Or sometimes it’s simpler than that. “I don’t know. It just seemed like a good idea after a few Friday night beers with Jacko.”

There are as many reasons to run as there are runners. Some chase speed. Others chase peace. Some run to forget, while others run to remember. For many, it’s a fight against time, gravity, or the softening that comes with comfort. But for all of us, at one point or another, the real battle isn’t with the road or the hill or the distance. It’s with those few centimetres between the ears.
When I started writing Great Running Events, I wanted to do more than just list races or showcase beautiful courses. I wanted to explore what makes people push themselves across hundreds of kilometres, through mud, heat, rain, and exhaustion, only to sign up and do it again. I wanted to understand the spirit that drives someone to keep moving when everything in their body tells them to stop.
Running, to me, is the purest expression of community. Think about it. How many other sports let the world’s elite compete on the exact same course, at the exact same time, as those of us who will never win more than a sponge cake in a school raffle? We may all have our own goals, times, and motivations, but when we step onto the course, we move as one human force. It is heart-warming, humbling, and something I never tire of witnessing.
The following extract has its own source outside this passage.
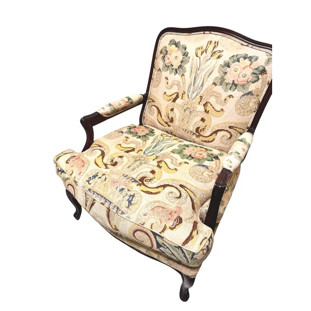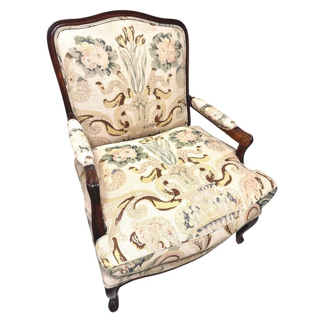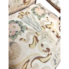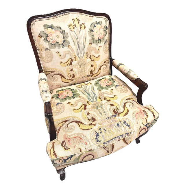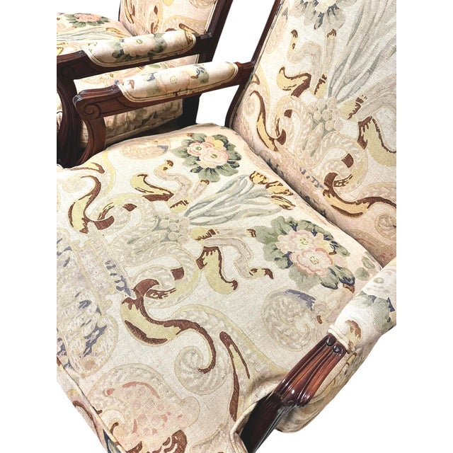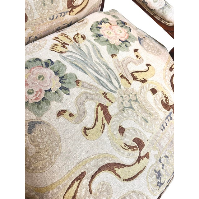 This exquisite pair or Bergère chairs are in mint condition, featuring custom linen botanical upholstery from Jon Paul Shriever. The linen features delicate floral scrolling motifs in light yellows, asparagus greens, light pinks and muted blues.

Great Running Events isn’t a “best of” guide to Australia’s races. It’s an introduction to what’s out there. It’s an invitation to discover how vast, beautiful, and punishing our country can be when you travel it on foot. Along the way, I’ve included personal and emotional stories from people whose lives have been shaped or transformed by running. Their honesty and courage gave this book its heartbeat.
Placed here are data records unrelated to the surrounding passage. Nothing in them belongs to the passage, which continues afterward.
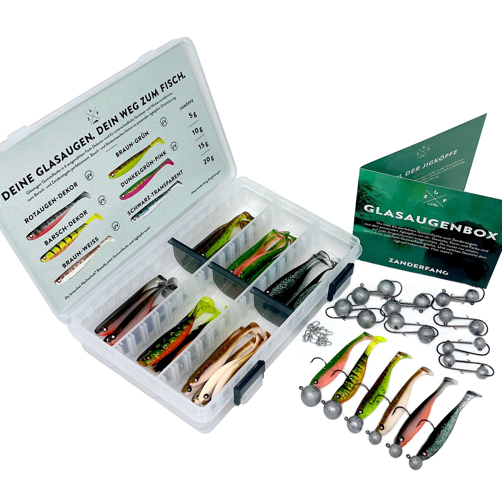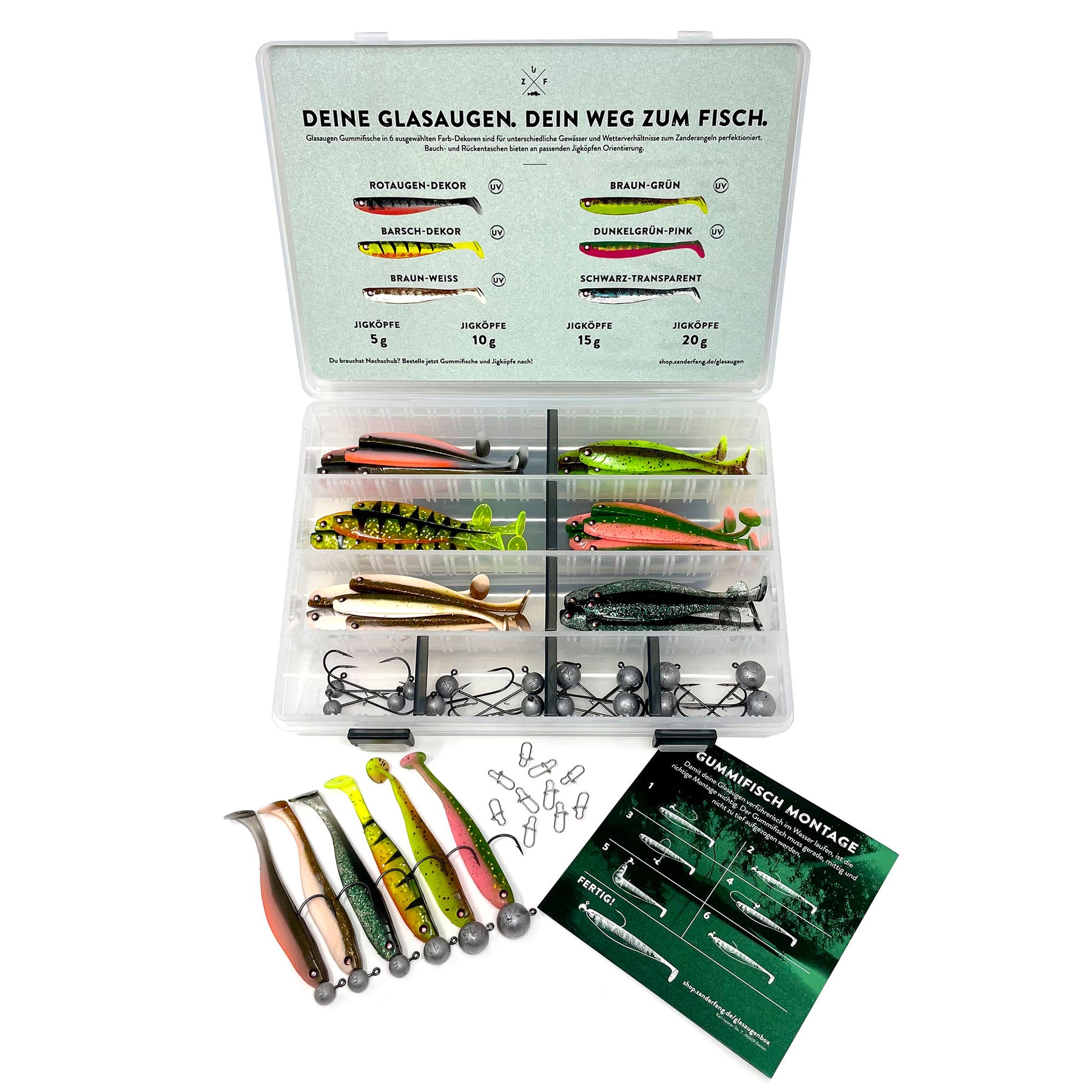 Wenn es auf Zander gehen soll, brauchst du nichts mehr als die Glasaugenbox. Wähle deine Größe und ab ans Wasser! Die Gummifische und Jigköpfe sind in der Gummifisch Box perfekt aufeinander abgestimmt. Die robusten Snaps zum Angeln passen perfekt zu den Jigköpfen. Mit der GLASAUGENBOX bist du bei jedem Wetter und Wasser perfekt zum Zanderangeln ausgestattet und kannst damit auch , je nach Größe, auf große Barsche oder Hecht angeln. Die speziellen Farbdekore der GLASAUGEN Gummifische sind teils komplett mit UV versehen, oder abgestimmt auf die jeweilige Farbe mit UV-Akzenten versetzt. In der GLASAUGENBOX enthalten sind mit Fischöl aromatisierte Gummifische in 7.5cm, 9.5cm, 12.5cm oder 15.5cm.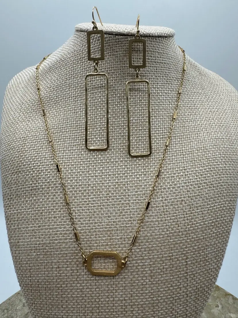 This is a beautiful gold tone necklace with matching earrings. Excellent like new condition. Necklace measures 16” w/ a 3” extender Earrings measure 3” X 1/2”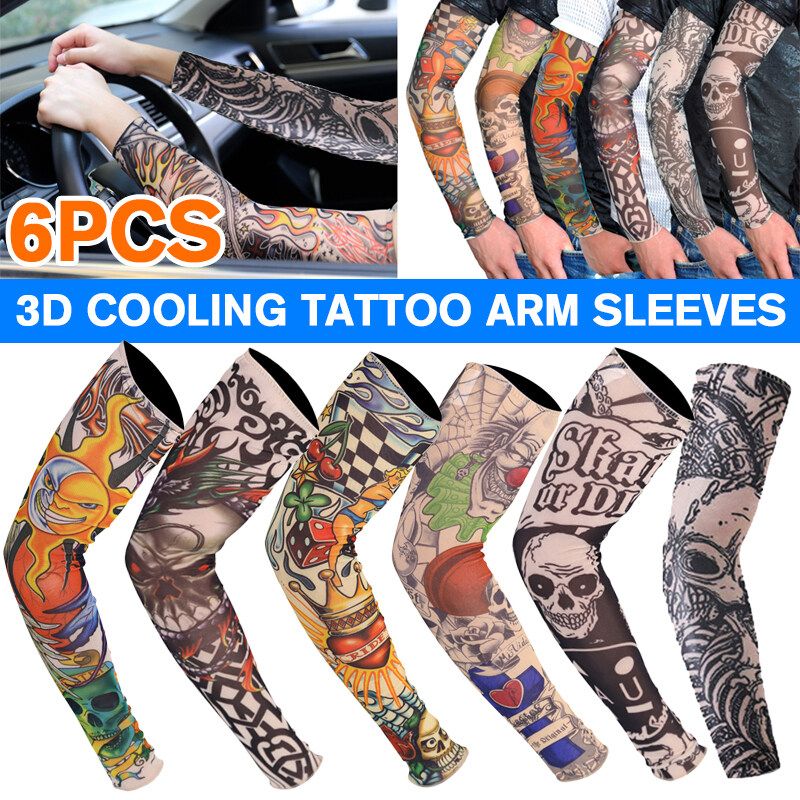 6PCS Unisex Tattoo Sleeves Cooling Nylon Temporary Tattoo Sleeve Arm Stockings Cool Uv Sun Protection
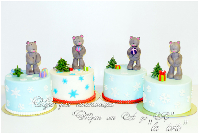 Как всегда, атмосфера курса была очень уютная и теплая, а т.к. приближался Новый год, то еще и немножечко волшебная)). Каждый участник курса создавал свой съедобный тортик. Все делали самостоятельно, начиная от резки коржей, приготовления крема до декора, лепки фигурок. Кроме основной программы, я успела ответить на многие интересующие вопросы. Вот, что у нас в итоге получилось!

Through these stories, I’ve come to see that running reveals far more than physical endurance. It exposes character. It strips away pretence. It reconnects us to the land in a way that modern life rarely allows. From the red heart of central Australia to the windswept cliffs of the Great Ocean Road, from the misty trails of the Blue Mountains to the lonely tracks of Western Australia, every event offers a new landscape and a new lesson. These are journeys that change people.
And then there are the urban runs, no less inspiring. The Melbourne Marathon finishes on the hallowed turf of the MCG, a place where dreams and sweat have mingled for generations. In Sydney, thousands of runners surge across the Harbour Bridge, a river of colour and energy flowing toward the Opera House. On the Gold Coast, ocean views line the course, and the rising sun catches the moving tide of runners as they chase personal bests or simply the joy of finishing.
Running, for me, is about all of this. It’s about challenge, connection, and community. It’s about testing limits, then discovering there really aren’t any. And it’s about the quiet moments too, when your breath and your footsteps find the same rhythm, and for a few fleeting seconds, everything feels right with the world.
That is what Great Running Events is all about.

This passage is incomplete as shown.